The U.S. Department of Labor has the authority to set the rules governing the amount that foreign guest workers, who do the work that Americans can't or won't, will be paid, a federal judge in Philadelphia has ruled in a case that could cost employers $847 million.
U.S. District Judge Legrome D. Davis of the Eastern District of Pennsylvania held that Congress intended for the Department of Labor to engage in the execution of the H-2B visa program through which employers can bring foreign workers to the country.
Judge Davis denied summary judgment to several associations representing employers from various industries -- including logging, hotel, carnival, sugar cane and commercial crawfishing -- that filed suit after the department issued a revised rule.
The new rule would result in a pay increase of $4.83 per hour, which means employers would be paying workers an additional $847 million, according to the opinion.
The H-2B visa program allows employers to hire a temporary unskilled foreign workers if American workers aren't available in that occupation, at the "prevailing wage rate." That's why the determination of that "prevailing wage" -- and the agency that is responsible for determining it -- is important in visa cases such as this one.
When Congress broke the old visa program into two sections -- one for farm workers and the other for non-farm workers -- by enacting the Immigration Reform and Control Act in 1986, it deliberately maintained the original definition of "worker," Judge Davis said in his 43-page opinion in Louisiana Forestry Association v.
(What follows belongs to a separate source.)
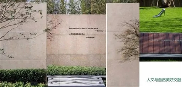 整个项目的风格是打造一个比较简约的空间,而且湖区给人一种宁静、恬静的感觉,所以我们的设计手法是非常克制的,没有过于强烈的装饰。入口的景墙有三个作用——夜晚的照明、空间界定、体现整个社区的品质,整个景墙是以一个雕塑的形象呈现的,把水的涟漪用一种比较抽象的方式表现出来。我认为在社区里应该有一些小小的、让人心动的地方,让人们能够在不经意之间感受到生活的美好。将一些小小的、有趣的元素点缀在景观中,精选一首小诗放在某一个地方,通过文化和景观的融合让人感觉到比较美好的现实生活。在这个项目中,我们希望人从城市到社区,能够真正静下心来,忘掉工作时的喧嚣,忘掉我们必须面对的复杂世界,感受片刻的宁静,感受生活的美好。表现的形式并不需要多么与众不同,而是要有非常恰到好处的表达,这是我对设计的一种理解。

Solis.
The employers' associations had argued that the Department of Labor had no authority to draw up rules regarding a program that it doesn't control, meaning that the 2011 wage rule, which would result in a substantial increase in the amount employers would have to pay foreign workers, could not stand.
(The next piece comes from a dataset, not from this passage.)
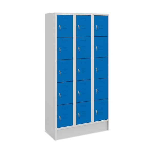 Der TÜV-geprüfte Fächerspind in Lichtgrau (RAL 7035) (Zertifikat Nr. S 60184163) ist die ideale Lösung für die sichere und organisierte Aufbewahrung in Schulen, Büros und öffentlichen Einrichtungen. Die robuste, verschweißte Konstruktion steht stabil auf einem Sockel und gewährleistet Langlebigkeit. Jede Tür ist mit einem Zylinderschloss und zwei Schlüsseln ausgestattet, um den Inhalt sicher zu schützen.

Judge Davis noted that the statute conferring authority to issue the visas to the Department of Homeland Security states that the department can do so after consulting with relevant governmental agencies, although it doesn't specify which ones.
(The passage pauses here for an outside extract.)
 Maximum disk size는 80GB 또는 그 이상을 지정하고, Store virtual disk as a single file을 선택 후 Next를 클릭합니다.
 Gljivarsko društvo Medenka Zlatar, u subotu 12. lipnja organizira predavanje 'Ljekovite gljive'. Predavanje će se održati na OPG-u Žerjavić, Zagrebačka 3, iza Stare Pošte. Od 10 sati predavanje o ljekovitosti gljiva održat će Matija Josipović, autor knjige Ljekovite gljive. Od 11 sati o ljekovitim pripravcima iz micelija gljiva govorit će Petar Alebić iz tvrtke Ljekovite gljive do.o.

The ambiguity regarding what agencies should be consulted means that the Department of Homeland Security has the broad authority to decide, Judge Davis said.
It issued a regulation designating the Department of Labor as such an agency, stating that an employer must first apply with the secretary of labor for a temporary labor certification before petitioning the Department of Homeland Security for a visa, according to the opinion.
The visa program permits employers to hire foreign workers only if there are no American workers to fill the position at the prevailing wage.
For temporary labor certification purposes, the Department of Labor must determine the prevailing wage for a given job because "the availability of unskilled United States workers is, for obvious reasons, partially determined by the offered wage," Judge Davis explained in a footnote.
The Department of Homeland Security acted reasonably in designating the Department of Labor as a consulting agency, Judge Davis said, rejecting the plaintiffs' argument that the Department of Homeland Security "improperly 'offloaded' some of its jurisdiction to the [Department of Labor]," according to the opinion.
"The [Department of Labor's] labor certification is reasonably connected to the [Department of Homeland Security's] ultimate determination whether a foreign worker admitted under an H-2B visa would displace a capable unemployed United States worker," Judge Davis said. "Therefore, the [Department of Homeland Security] may condition its grant of an H-2B visa on receiving a labor certification from the [Department of Labor]. The ultimate decision-making authority still remains with the [Department of Homeland Security]."
Both Lauren Fox of Blank Rome in Philadelphia, who represented the plaintiffs, and Charles Miller, spokesman for the Department of Justice, said they had no comment on the case.